3. Time decay — Apply exponential decay to scores:

   final_score = raw_score × exp(-0.01 × days_since_created)

   A fact from 70 days ago gets ~50% weight. A fact from 180 days ago is nearly invisible. Facts marked stale get an additional 0.5 multiplier.

4. Cap — Take the top 10 results after decay ranking. This is the inject cap — no matter how many observations match, the session gets at most 10. This prevents memory from consuming the context window.
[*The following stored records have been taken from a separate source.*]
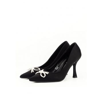 Pantofi negri eleganti cu brosa BYJ8211 04 16618
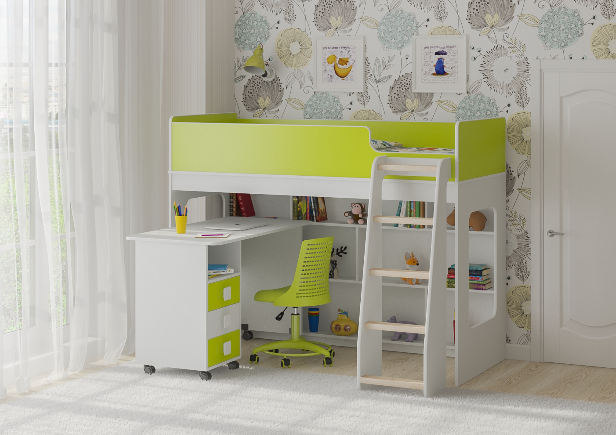 Кровать чердак Легенда 42.3.5 (Белый/Лайм)
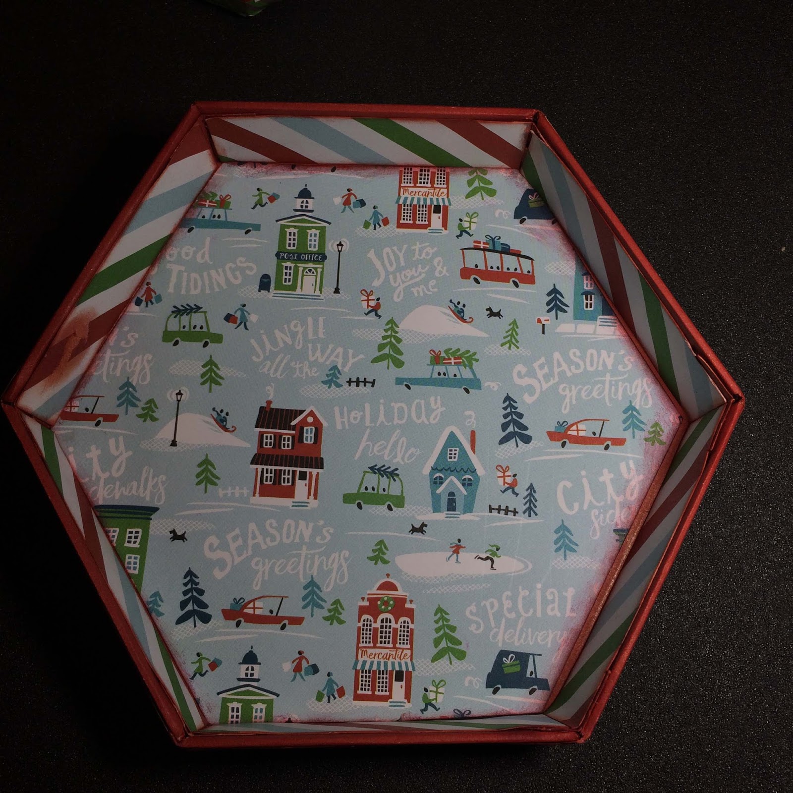 I created this hexagon shaped box by following a great tutorial by Alexandra M on YouTube. This box was decorated using the City Sidewalks Scrapbook Kit.

5. Budget profiles — Different contexts need different depth:

   • lean (2-3 results, no query rewrite) — for automated checks, heartbeats
   • balanced (5-7 results, rewrite enabled) — default for interactive sessions
   • deep (10-15 results, aggressive rewrite) — for research, debugging complex issues
   • auto — system picks based on context

8. The reflection cycle

Observations are raw signal. Reflection compresses them into durable updates for a curated memory file (MEMORY.md). This is the step that turns hundreds of observations into a compact, high-signal reference document.

The reflector is a separate LLM call that reads:

• Recent observations (since last reflection)
• Current MEMORY.md content
• Compression guidance (target 60-80% of input length)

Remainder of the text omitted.